President Obama came out with a video (watch it below) and detailed statement today announcing his plan to protect Internet neutrality, urging the Federal Communications Commission to step up its regulation of broadband providers, The Wall Street Journal reports.
Obama said the “strongest possible rules” will be required to ensure that access to the Web does not become a two-tiered system with fast lanes and slow lanes, the story reports.
“In a detailed statement and video, Mr. Obama called for bright-line rules that ban broadband providers from blocking websites or cutting deals with content companies for better access to consumers, known as paid prioritization,” the story reports. “The statement was his strongest and most specific comment to date on net neutrality, the principle that all Internet traffic should be treated equally.”
Said Obama: “We cannot allow Internet service providers to restrict the best access or to pick winners and losers in the online marketplace for services and ideas.”

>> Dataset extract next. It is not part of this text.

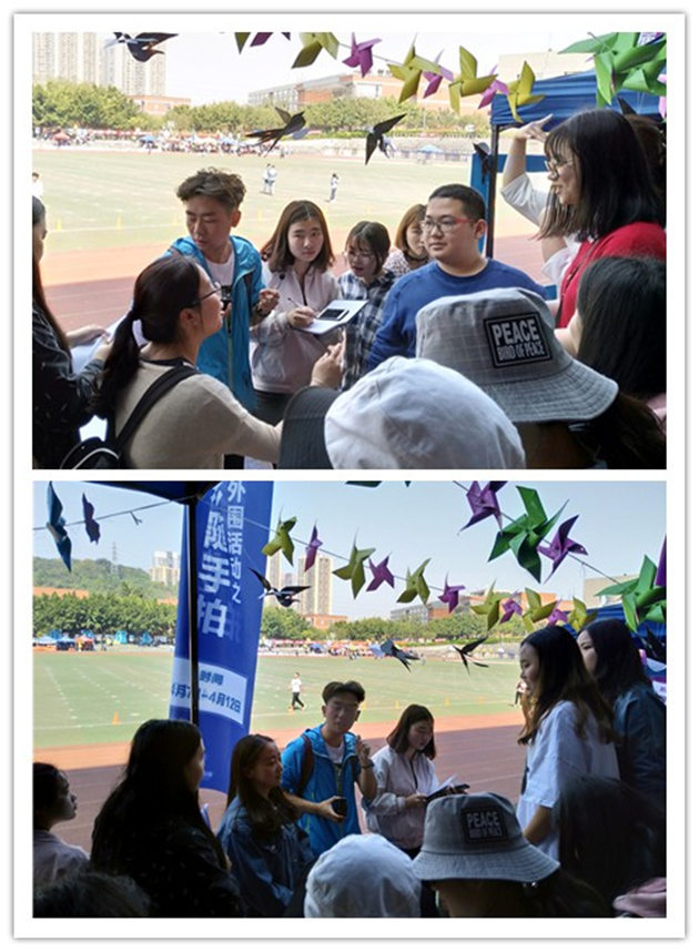 两天运动赛场上精彩不断,观众台上的也没闲着。外语系的观众更是两头忙,除了积极地给场上的运动健儿们加油打气,也积极地投身在丰富体育知识的大潮里。

The president wants the FCC to increase its regulatory power over broadband providers by reclassifying them in effect as public utilities or common carriers, along the lines of the old telephone landline providers.
“Mr. Obama wants the agency to reclassify the entire network under Title II of the Communications Act, then enact bright-line rules banning broadband providers from blocking, slowing down, or giving preferential treatment to some websites,” the story reports.
The report adds: “Mr. Obama also said that whatever rules the FCC adopts should apply equally to mobile devices, after wireless carriers were largely exempted from the FCC’s previous net-neutrality rules passed in 2010. Those rules were thrown out by a federal court in January.”